| Available data |
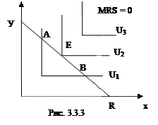 Равновесие потребителя имеет место на одной из осей в вершине угла, образуемого бюджетной линией (в точке Е). Другими словами – потребитель воздерживается от покупки блага х и все ресурсы направляет на покупку блага у.
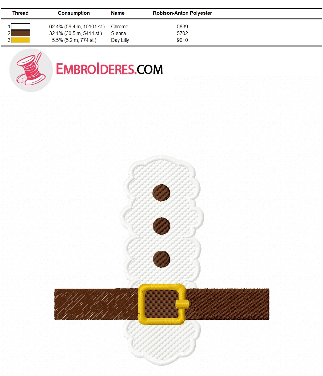 A Stitch in Holiday Spirit Embark on a festive journey with our Santa Belt and Buttons Free Embroidery Design. Meticulously crafted, this design captures the essence of Christmas, bringing a touch of Santa's magic directly to your home. Ideal for customizing holiday apparel, decorations, or gifts, it radiates charm and warmth. The rich, vivid colors mirror Santa's iconic outfit, while the detailed stitch patterns showcase your embroidery skills, making each creation a unique masterpiece. Whether adorning a stocking, a festive sweater, or a handmade gift, this design adds a personal, heartwarming touch to your holiday celebrations.
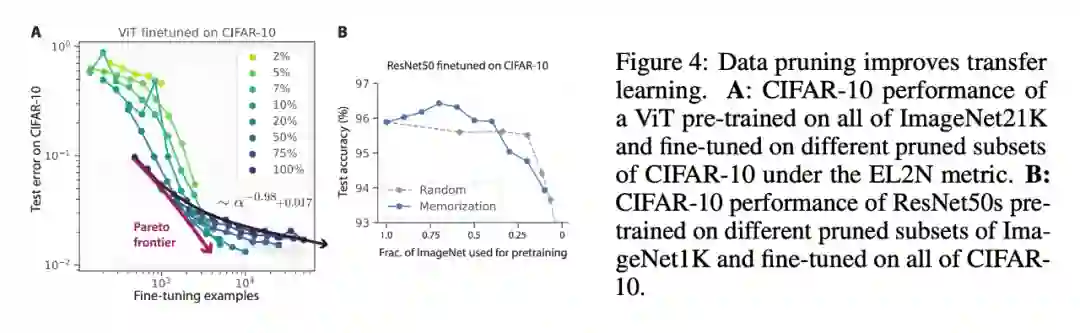 此外,研究者发现数据剪枝可以提升迁移学习的表现。他们首先分析了在 ImageNet21K 上预训练的 ViT,然后在 CIFAR-10 的不同剪枝子集上进行了微调。有趣的是,预训练的模型允许更积极的数据剪枝;只有 10% 的 CIFAR-10 的微调可以媲美或超过所有 CIFAR-10 的微调所获得的性能 (图 4A)。此外,图 4A 提供了一个在微调设置中打破幂律缩放的样本。
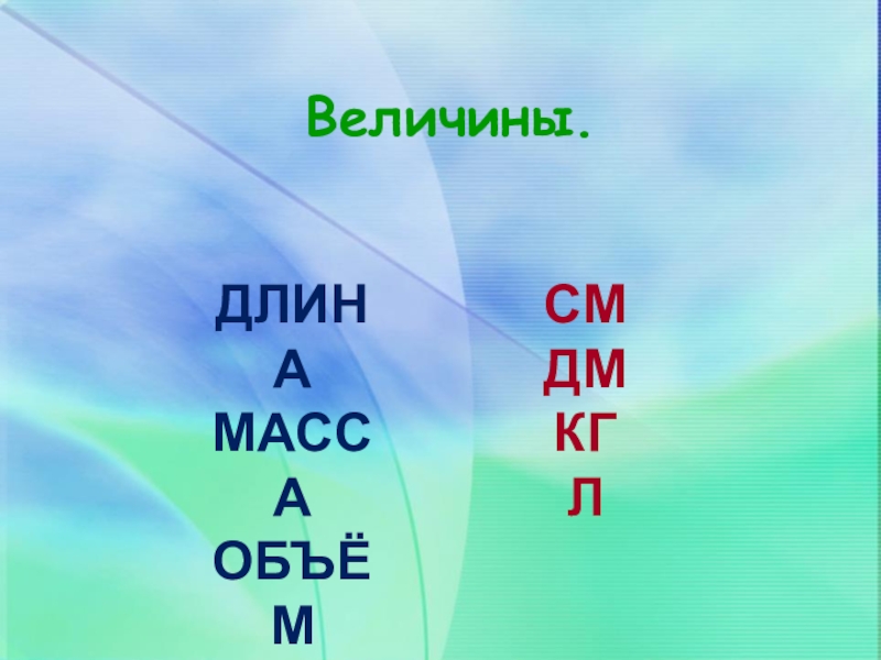 Величины.ДЛИНАМАССАОБЪЁМСМ  ДМКГЛ
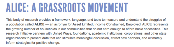 Another aspect of the news coverage about the ALICE report, is that we primarily get the perspective of those who work in the social services field and those in the United Way. We do get some insight into the realities facing families who are struggling, but their lived experience is not center or explored in depth.
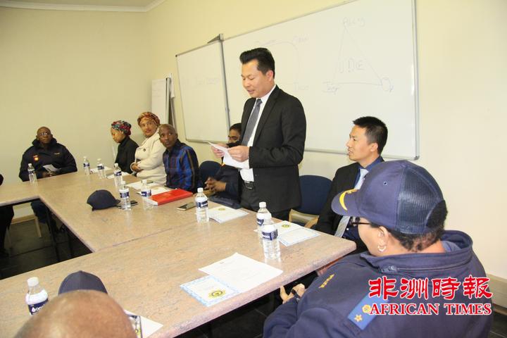 石钦平会长在发表讲话中谈到在不良的社会治安背景下,这些防暴警察为华人在该地区经商生活提供了积极有效的帮助,每次出现治安危险爆乱总是第一时间出现在现场,给犯罪份子予以震慑,为保障及挽回华商的人身与财物安全做出了贡献。在退休活动仪式上,石钦平会长在表示感谢地同时也进一步探讨未来如何就地区治安形势加强联动,建立一个良好的警讯沟通渠道,让更多的华人能在危险的第一时刻得到帮助,更好的保障地区内华商的日常经商与生活。
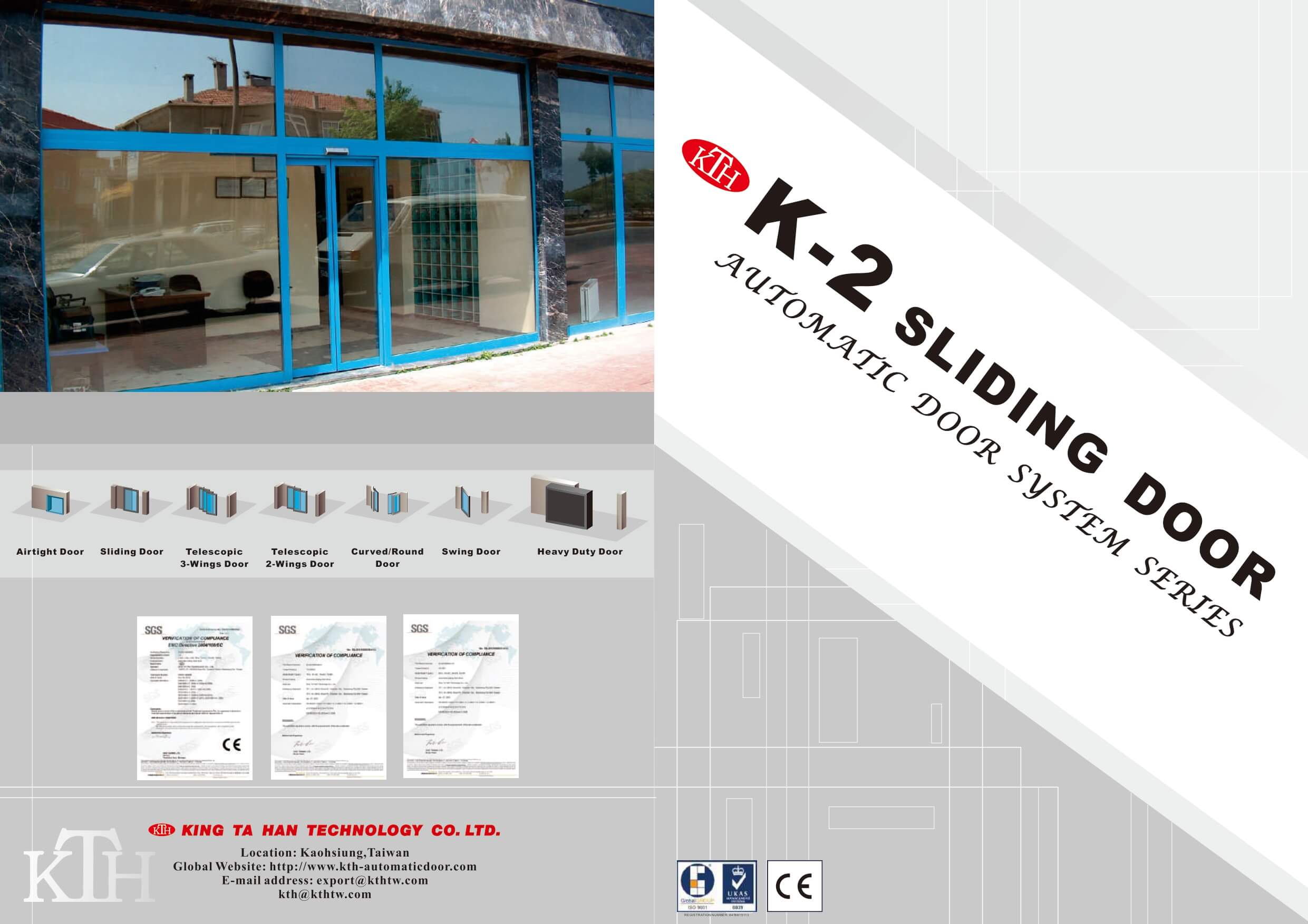 KING TA HAN ( KTH) là thương hiệu đến từ Đài Loan nhà sản xuất thiết bị tự động dàn đầu tại Đài Loan kinh nghiêm 25 năm qua cung cấp sản phẩm chất lượng vượt trội theo tiêu chuẩn Châu Âu. Thiết bị cửa Kính trượt tự động Model KTH Model:K-2 được sử dụng mở 2 cánh hoạch 1 cánh tự động mở khi có người ra vào, sản phẩm KTH Model K2 được sử dụng rộng rãi trên toàn cầu & các công trình dự án tin dùng Siêu thị, tòa nhà cao tầng, các khu thương mại, văn phòng Cty....
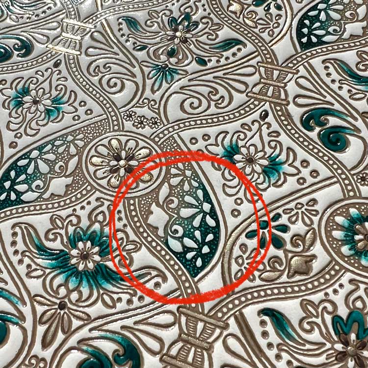 一度色を乗せた後に凸の部分を拭き取って、柄を浮き上がらせます
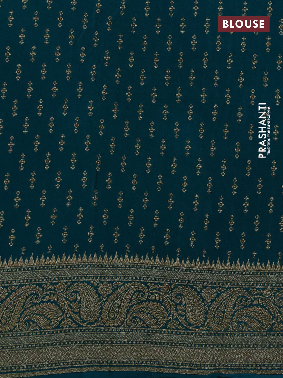Banarasi crepe saree pink and brown teal with allover thread & zari weaves and woven border
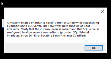 A network-related or instance-specific error ocurred while establishing a connection to SQL Server. The server was not found or was not accesible. Verify that the instance name is correct and that SQL Server is cinfigured to allow remote conections. (provider: SQL Network interfaces, error 26 – Error Locating Server/instance Specified)
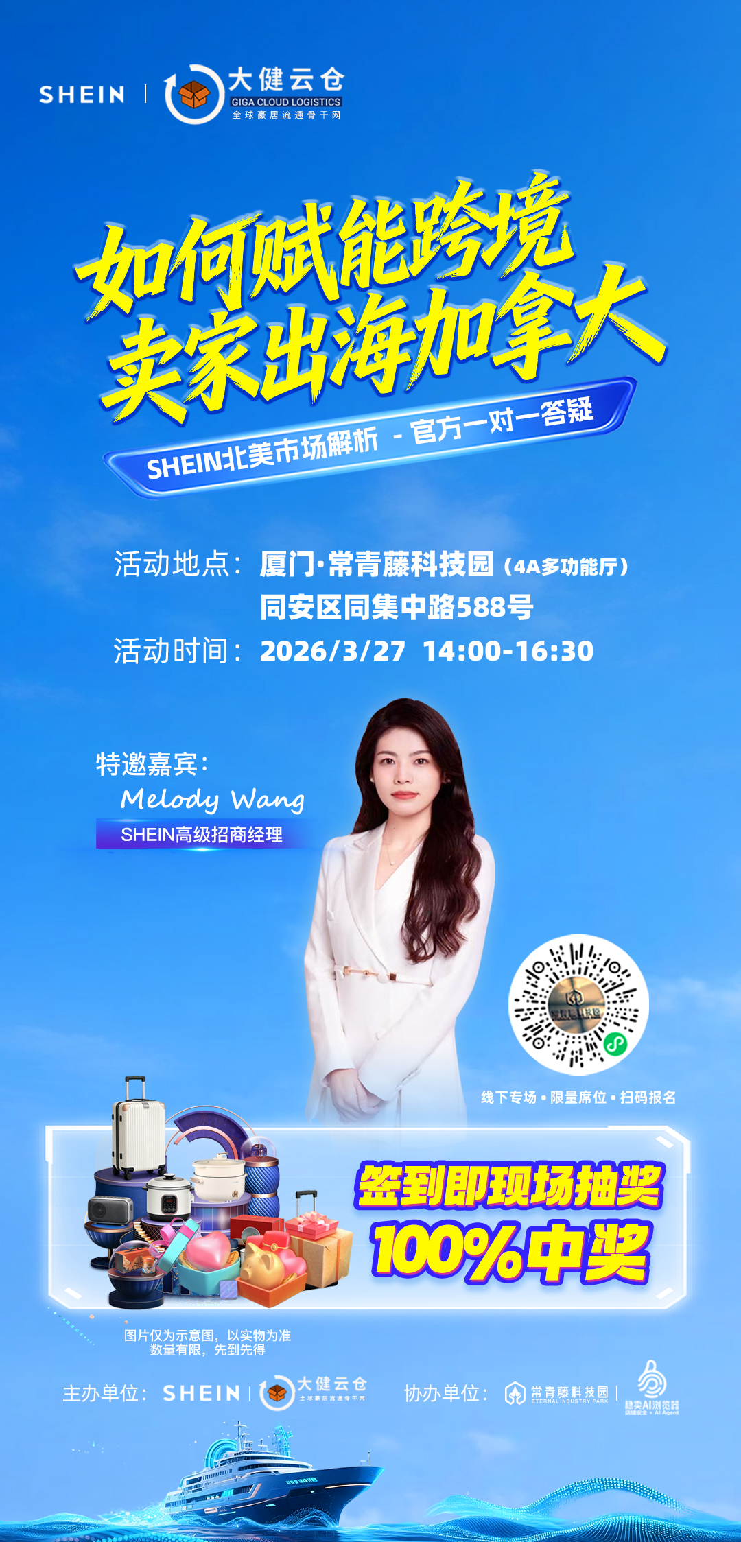 青藤资讯丨SHEIN×大健云仓线下赋能专场,官方经理面对面答疑,参与活动100%中奖,3.27相约常青藤→
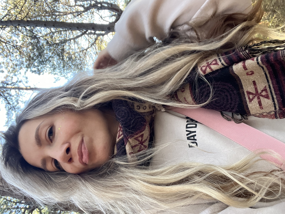 A close-up, chest-up self-portrait of a female is depicted in an outdoor setting within Kavač, Montenegro. The individual has long, wavy, blonde hair with lighter highlights, draped over her shoulders. Her head is slightly tilted, and she looks directly at the camera with a neutral expression and slightly pursed lips. Small, golden glitter particles are visible on her left cheek, near the outer corner of her eye. She wears a light-colored sweatshirt or sweater, partially obscured by a patterned scarf wrapped around her neck. The scarf features dark and beige sections with geometric designs, including cross-like and circular motifs, and visible fringe. A pink strap, possibly from a bag, crosses her chest diagonally. Her right hand is raised, with fingers lightly touching the hair near her right ear. The background consists of pine or conifer trees with visible trunks and sparse foliage, set against a bright, clear sky, indicating daytime.
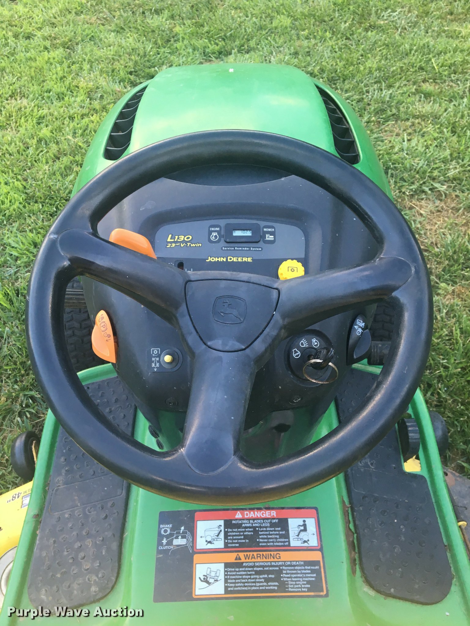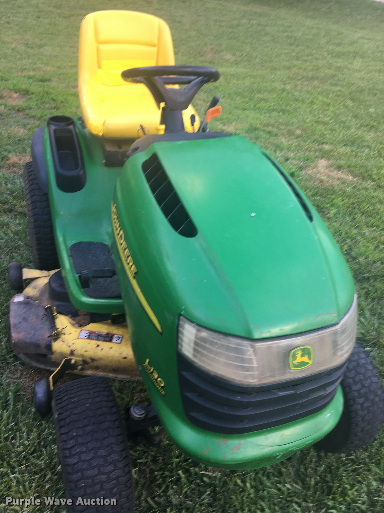 Purple Wave is selling a used Lawn Mower in Kansas. This item is a John Deere L130 riding lawn mower with the following: 48" cutting width, Kohler Command gas engine, 23 HP, Left side pulley deck cover will be installed prior to auction, Non-operational headlights
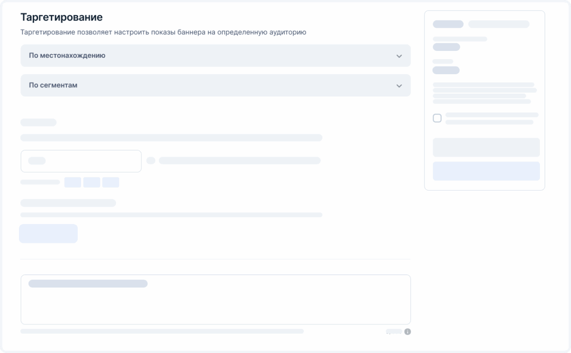 Таргетинг можно настраивать по местонахождению, запросам, категориям, сегментам и другим параметрам.
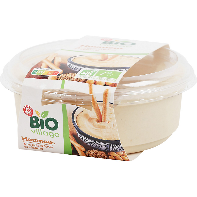Ingrédients : Pois chiches cuits* 57 % (pois chiches*, eau) ; huile de tournesol* ; eau ; pâte de graines de sésame* 6,8 % ; huile d'olive vierge extra* ; jus de citron* ; acidifiants : acide lactique, acide citrique ; sel ; ail déshydraté*.
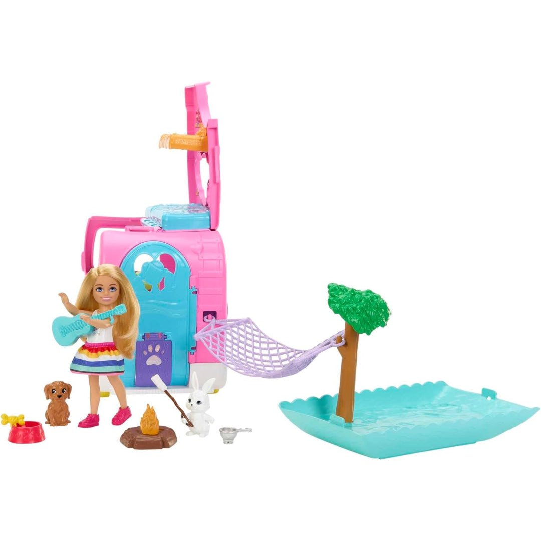 Get ready for an exciting adventure with this amazing Barbie Chelsea 2-in-1 Camper! Perfect for budget-savvy parents looking to maximise play value, this versatile playset transforms from a rolling camper into a fully-equipped campsite. Your little one can create endless stories with Chelsea doll, her adorable puppy and bunny companions, plus 14 themed accessories.

| What to produce |
Beginning with the line above that contains "一度色を乗せた後に凸の部分を拭き取って、柄を浮き上がらせます" and finishing with the line that contains "青藤资讯丨SHEIN×大健云", print those lines exactly and only. Skip all pictures.

| Response |
 一度色を乗せた後に凸の部分を拭き取って、柄を浮き上がらせます
Banarasi crepe saree pink and brown teal with allover thread & zari weaves and woven border
 A network-related or instance-specific error ocurred while establishing a connection to SQL Server. The server was not found or was not accesible. Verify that the instance name is correct and that SQL Server is cinfigured to allow remote conections. (provider: SQL Network interfaces, error 26 – Error Locating Server/instance Specified)
 青藤资讯丨SHEIN×大健云仓线下赋能专场,官方经理面对面答疑,参与活动100%中奖,3.27相约常青藤→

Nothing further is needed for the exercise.